How Does Faith Come?

By David W Hall

The crowds surged excitedly around Him as He walked through their streets. They had been hearing startling rumours for months, and now He was here in their own town. What miracles would He perform among them, and what power would He demonstrate? He had already opened blind eyes, healed deaf ears and even raised some from the dead. Many had told of how He had twice fed multitudes from a single basket of bread and fish. It was easy for the people to follow Him because the evidence was here before their eyes. It was exciting! Who could doubt it?!

Yet, in all the excitement of the miracles and spectacle there was very little faith. It took only a short time before this same multitude was crying out, ‘crucify Him!’ Which all serves to demonstrate that faith does not come by seeing miracles or supernatural signs.

Of all of Jesus’ life prior to His crucifixion, the most important thing was not what He did but what He said. The miracles served primarily to get people’s attention. A miracle could change circumstances for a day or a lifetime, but His Word had the power to change a person forever! His Word has the capacity to generate in the heart of a man or woman the divine element of God’s faith – yes, the faith of God! Sadly for the people of Jesus’ nation, His Word found no lodging in their hearts, and thus there was no faith to receive Him as their Lord and Messiah.

Do not misunderstand me. I do believe in the power of God to still work miracles today. My own mother was miraculously healed of TB. Her faith enabled the miracle, but her faith itself was far more important than the miracle.

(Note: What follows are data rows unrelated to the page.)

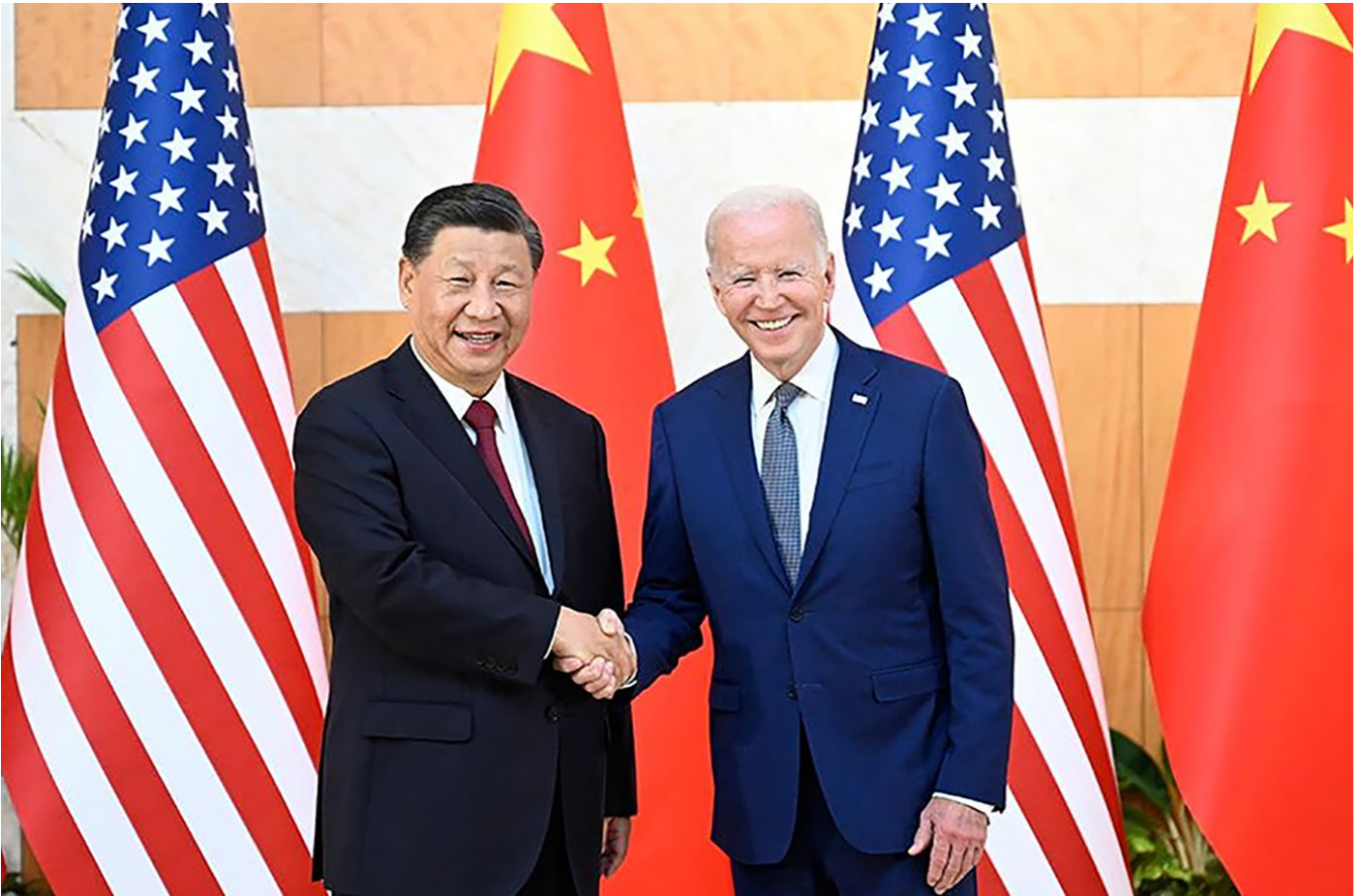
14 November 2022. Bali, Indonesia. Xi Jinping and Joe Biden meet ahead of the 2022 G20 summit.

to seek a more reliable balance in additional and/or stronger external countervailing arrangements. This is regrettable because such external checks and balances are inescapably more blunt and assertive than internal ones. The revival of the Quad process in the Indo-Pacific, the trilateral AUKUS arrangement to deliver—amongst other things—nuclear-powered submarines to Australia and the urgent interest the Ukraine conflict generated in Sweden and Finland to secure NATO membership could be seen in this light. The shock of Russia’s weakly rationalised but painstakingly premeditated invasion of Ukraine in 2022 was exacerbated because it encountered already weakened international confidence in the conventions and processes designed to ensure stability and peace. China’s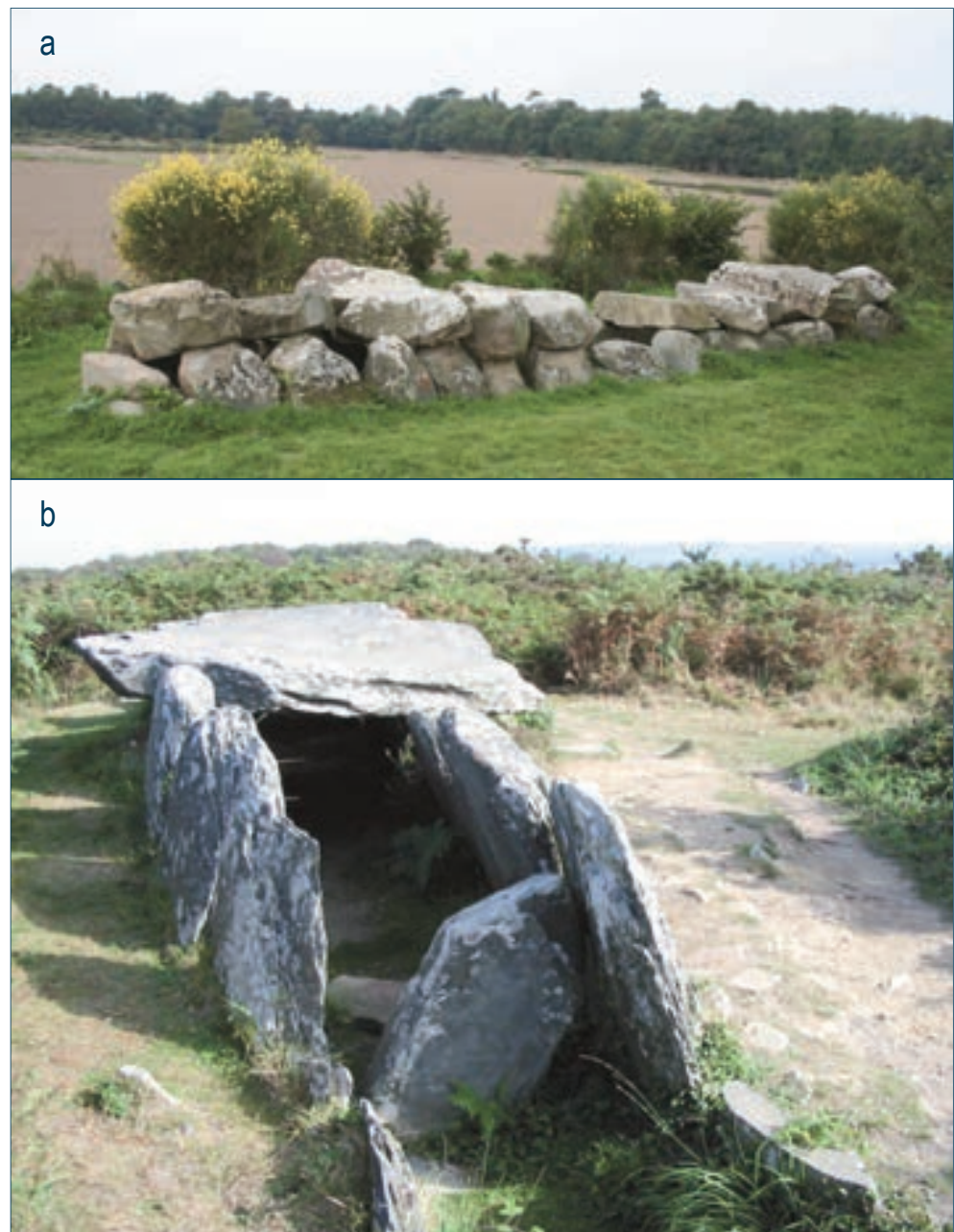
Fig. 9 – Allées couvertes , with a short lateral passage (a) Le Mélus, Côtes-d'Armor, or an axial entrance (b) Liscuis II, Côtes-d'Armor (Photos: L. Laporte).

or antechamber: commonly referred to as allées couvertes or allées sépulcrales ), or in one of the long sides, accessed via a passage at right angles to the main chamber ( sépultures à entrée latérale ). In northwestern France, these tombs mark the renewal of megalithic tomb construction, but the prevalence of acidic soils makes the associated burial practices difficult to reconstruct (Giot et al. 1998). Allées sépulcrales are also found in the Paris basin and northwards towards the Channel coast, where chalk and limestone geology have allowed excellent preservation of human remains. Careful excavation and detailed analysis at sites such as La Chaussée-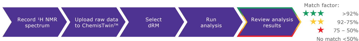
Figure 1. Workflow of the structure verification using ChemisTwin.

The automated structure verification capabilities of ChemisTwin™ were assessed with ^1\text{H} spectra of 65 different molecules with structures corresponding to existing dRMs. The raw data from these spectra were compressed and uploaded to the ChemisTwin™ portal. The appropriate standard for comparison with the sample spectra was then selected, and the structure verification analysis was conducted. ChemisTwin provided the results, offering a match factor quantifying the agreement between the sample and standard spectra (Figure 1).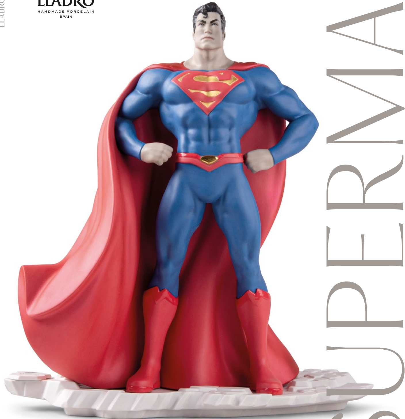
SUPERMAN 1009777 46x42x27 cm 18 x 16 1/2 x 10 3/4" Limited Edition of 500 units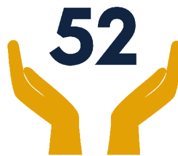
- Local Volunteers -

The Arc is delighted to highlight the impact that all of these community partners have made in their local communities this year. We are especially thrilled about these outcomes, and we take great pride in achieving our goals inclusively with the assistance of people with disabilities.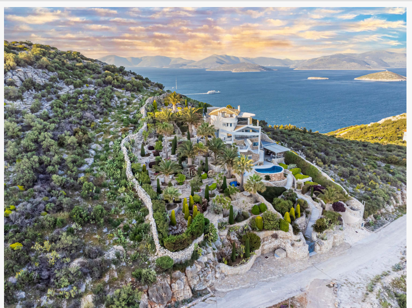
Gated Mediterranean villa on a quarter acre

Architecturally designed to capture views from every room, this expansive gated villa sits on nearly a quarter acre. An open floor plan, oversized windows, and eight-meter ceilings are ideal for hosting a crowd. Two dining rooms and a wine room provide options for every kind of gathering. Embrace the sea air with the pull of the multi-level outdoor living space. The terrace offers something for everyone, with areas for alfresco dining, open-air yoga, and poolside lounging. Meticulous landscaping can be found around every turn of the stone paths,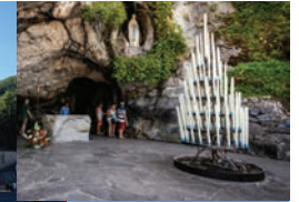
Lourdes Grotto, France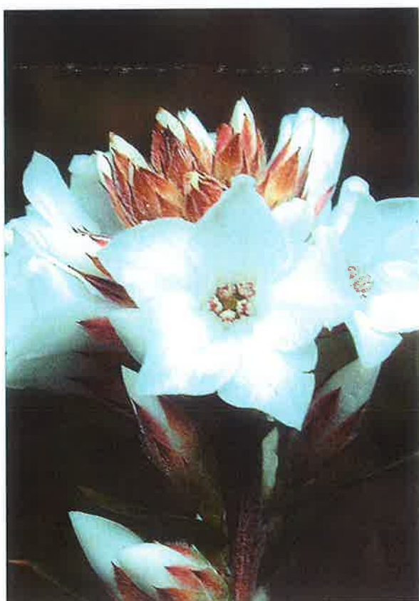
Photograph - Epacris grandis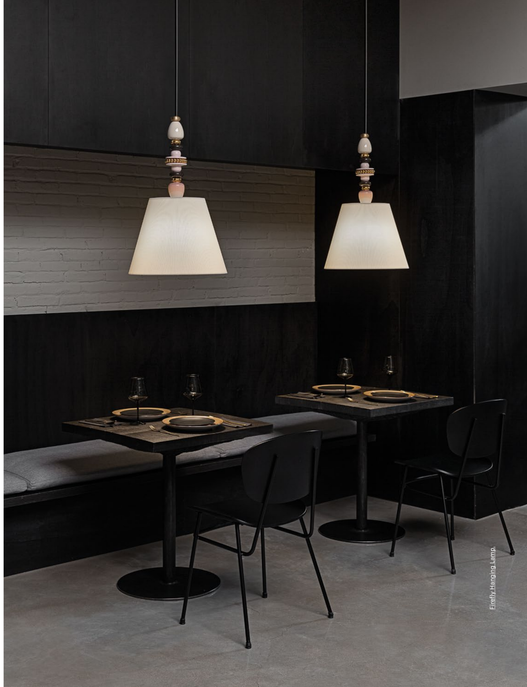
Firefly Hanging Lamp.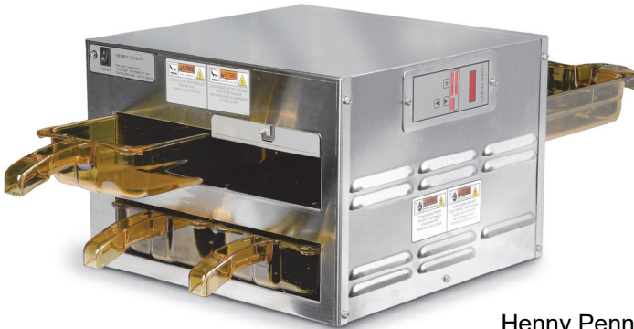
MPC 222 dual access modular multi-purpose holding cabinet

Henny Penny multi-purpose holding cabinets are ideal for keeping small quantities of hot menu items safe, appetizing and ready for immediate serving or packing.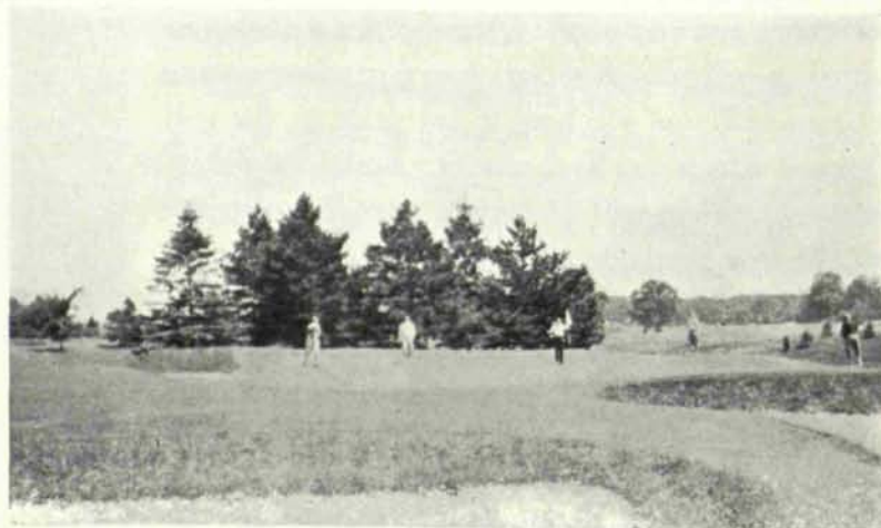
THE 15TH GREEN AT INVERNESS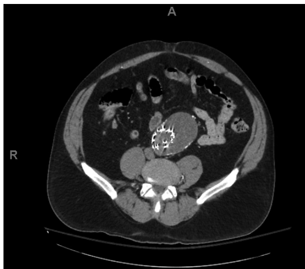
Fig 2. Axial section of a computed tomography angiogram showing a thrombosed Endologix aortic stent graft with a sacular abdominal aneurysm measuring 6.0 × 5.1 × 4.4 cm from the 12- to 3-o'clock position.

infrarenal aorta was clamped, and the sac was cleared. The aortic portion of the EVAR stent graft was explanted, which had a large thrombus within the lumen (Fig 3). The bilateral iliac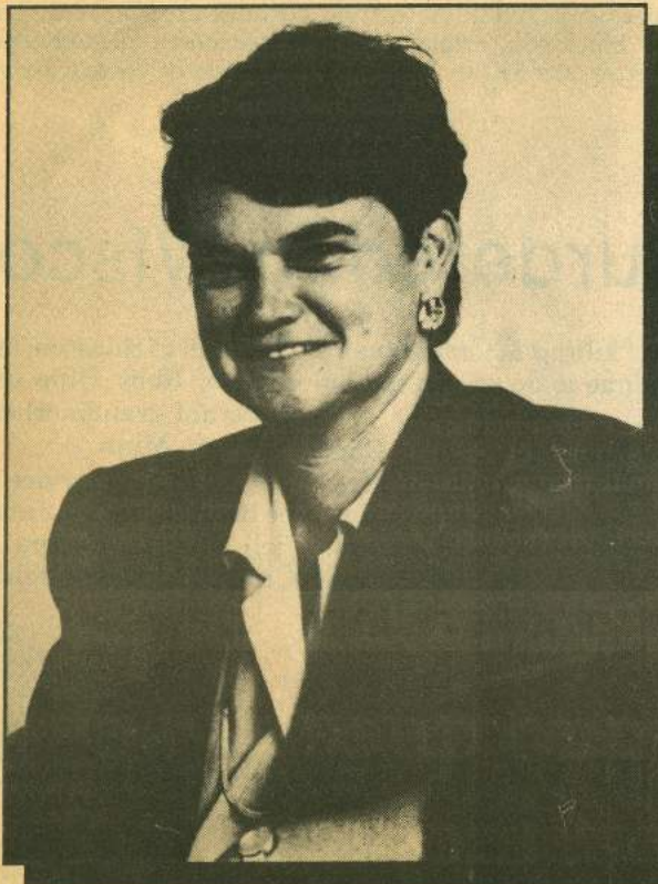
Sheila James Kuehl

Sponsored by Montrose Activity Center and Metropolitan Community Church of The Resurrection with Featured Speaker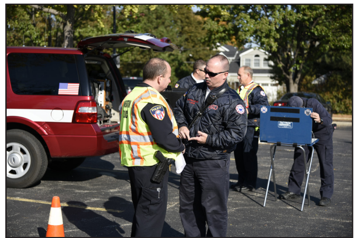
Wheaton Police and Fire Department personnel set up a mobile command post during an active shooter training exercise at Wheaton College on Oct. 19.

"We are fortunate for Wheaton College's help to make this exercise a valuable learning opportunity for our first responders," Schultz said.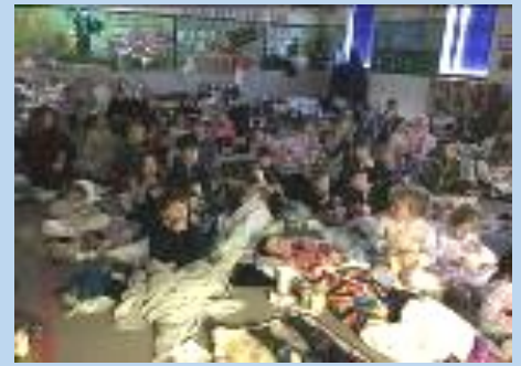
Thank you PTA for our amazing events!

When Jesus commissioned His disciples to go into all the world with the gospel, He said miraculous signs would follow their declaration of the word. That is exactly what happened. The word came first, and then the miracles followed. Mark 16:17 & 20. Notice the order – the word first, then the miracles. Why? The answer is simple. When people receive the messengers of Christ, and embrace the word in their mouths, then faith is generated in their hearts. This resultant faith is not just for miracles. It is for the entire package of the Gospel of Jesus Christ that the Word of the messengers declare.

The apostle John wrote, ‘the Word became flesh and dwelt amongst us’. The same passage also reads, ‘as many as received Him, to them He gave the right to become children of God, to those who believe in His name’. Jn 1:11,12, &14. Jesus did not just bring a divine word – He was the divine Word in human form! The message He brought, which is still being proclaimed today, is that through faith, we can become sons of God. That is why He died on the cross – so that the way could be opened for us into full relationship with God. This is the message that has the divine capacity to create faith within us, if we will receive it. That is because God’s word is not just information, it is the very seed-life of God in spoken form. When that seed lodges in our hearts it germinates and springs up to produce the fruit of God’s life within us. Nothing short of a miracle happens inside us!

The apostle Paul wrote, ‘faith comes by hearing, and hearing by the Word of God’. Simple, is it not? Faith does not come by witnessing miracles, nor by visible evidence, nor by impeccable logic or convincing argument. It comes by hearing and receiving God’s word in the mouth of His messengers.

Faith is a divine element provided to us by God. Paul said, ‘by grace are ye saved through faith; and that not of yourselves: it is the gift of God’. Eph 2:8. Once it is operating in us we immediately begin to see its effect in our lives.

• Faith saves us from sin. Eph 2:8
• It delivers us from condemnation and judgement. Jn 3:16, 17.
• It raises us to the heights of relationship with Christ and the Father. Eph 2:8.
• It releases God’s hand to work on our behalf. Mat 13:58.
• enables us to live as God designed us. 1 Pet 1:5

Above all, the faith that God provides to us is the faith to join Christ in His life of self-sacrificing love. Paul declared, ‘I have been crucified with Christ; it is no longer I who live, but Christ lives in me; and the life which I now live in the flesh I live by faith in the Son of God, who loved me and gave Himself for me’. Gal 2:20.